Items from a dataset
◆ ◆ ◆ ◆ ◆ ◆ ◆

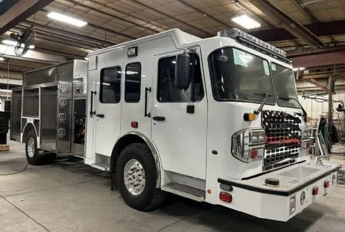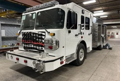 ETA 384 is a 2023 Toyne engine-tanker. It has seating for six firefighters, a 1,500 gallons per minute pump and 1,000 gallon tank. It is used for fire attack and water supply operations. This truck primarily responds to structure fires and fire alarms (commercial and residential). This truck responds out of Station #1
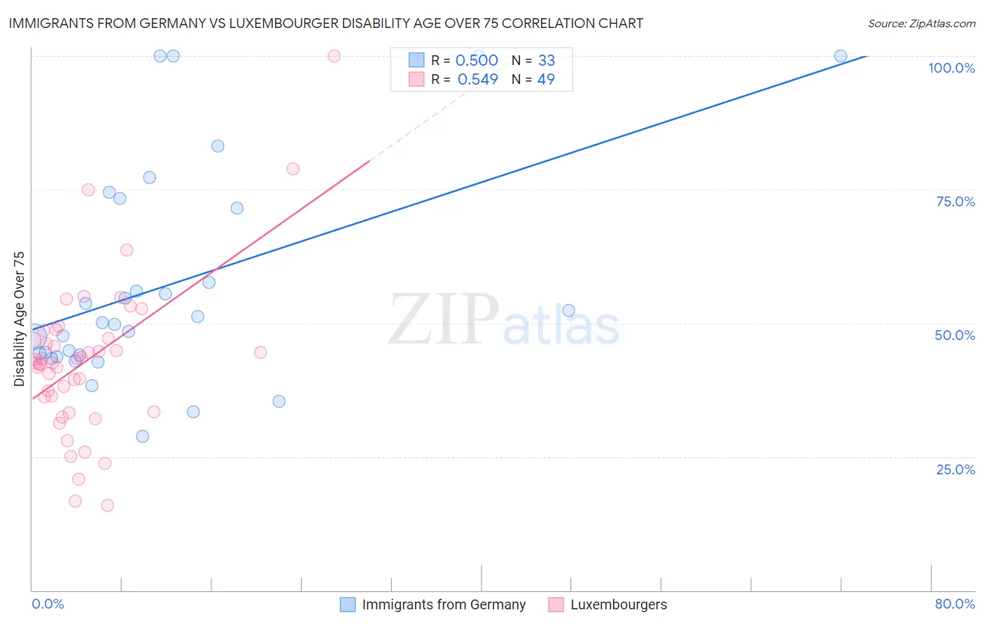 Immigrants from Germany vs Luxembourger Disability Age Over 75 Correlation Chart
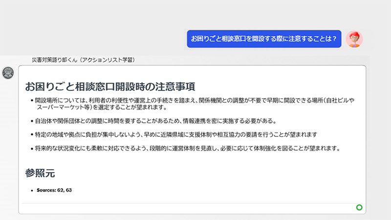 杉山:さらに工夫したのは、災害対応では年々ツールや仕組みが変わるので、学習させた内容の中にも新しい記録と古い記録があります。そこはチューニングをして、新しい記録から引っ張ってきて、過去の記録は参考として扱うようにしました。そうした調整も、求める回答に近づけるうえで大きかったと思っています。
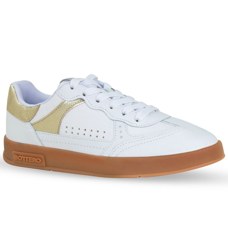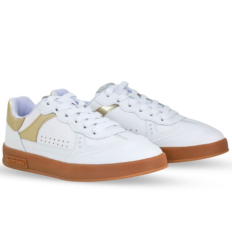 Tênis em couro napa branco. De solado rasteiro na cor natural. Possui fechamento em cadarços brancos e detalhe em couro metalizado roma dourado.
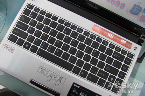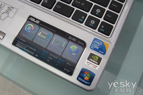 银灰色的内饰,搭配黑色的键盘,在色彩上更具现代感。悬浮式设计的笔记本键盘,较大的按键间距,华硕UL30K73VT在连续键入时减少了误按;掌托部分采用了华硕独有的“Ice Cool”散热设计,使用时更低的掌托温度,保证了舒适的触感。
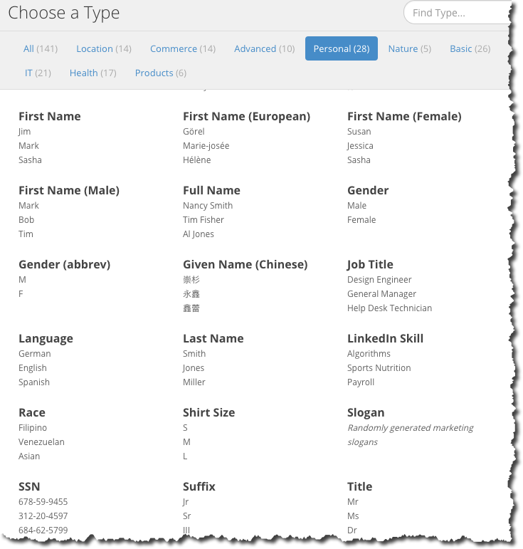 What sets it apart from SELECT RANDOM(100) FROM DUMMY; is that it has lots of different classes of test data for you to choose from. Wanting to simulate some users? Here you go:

◆ ◆ ◆ ◆ ◆ ◆ ◆

WHAT NEEDS TO BE DONE – Starting at the line containing "Immigrants from Germany" and finishing at the line containing "杉山:さらに工夫したのは、災", return those lines exactly as they appear above, without the pictures.

TASK RESPONSE –
 Immigrants from Germany vs Luxembourger Disability Age Over 75 Correlation Chart
 杉山:さらに工夫したのは、災害対応では年々ツールや仕組みが変わるので、学習させた内容の中にも新しい記録と古い記録があります。そこはチューニングをして、新しい記録から引っ張ってきて、過去の記録は参考として扱うようにしました。そうした調整も、求める回答に近づけるうえで大きかったと思っています。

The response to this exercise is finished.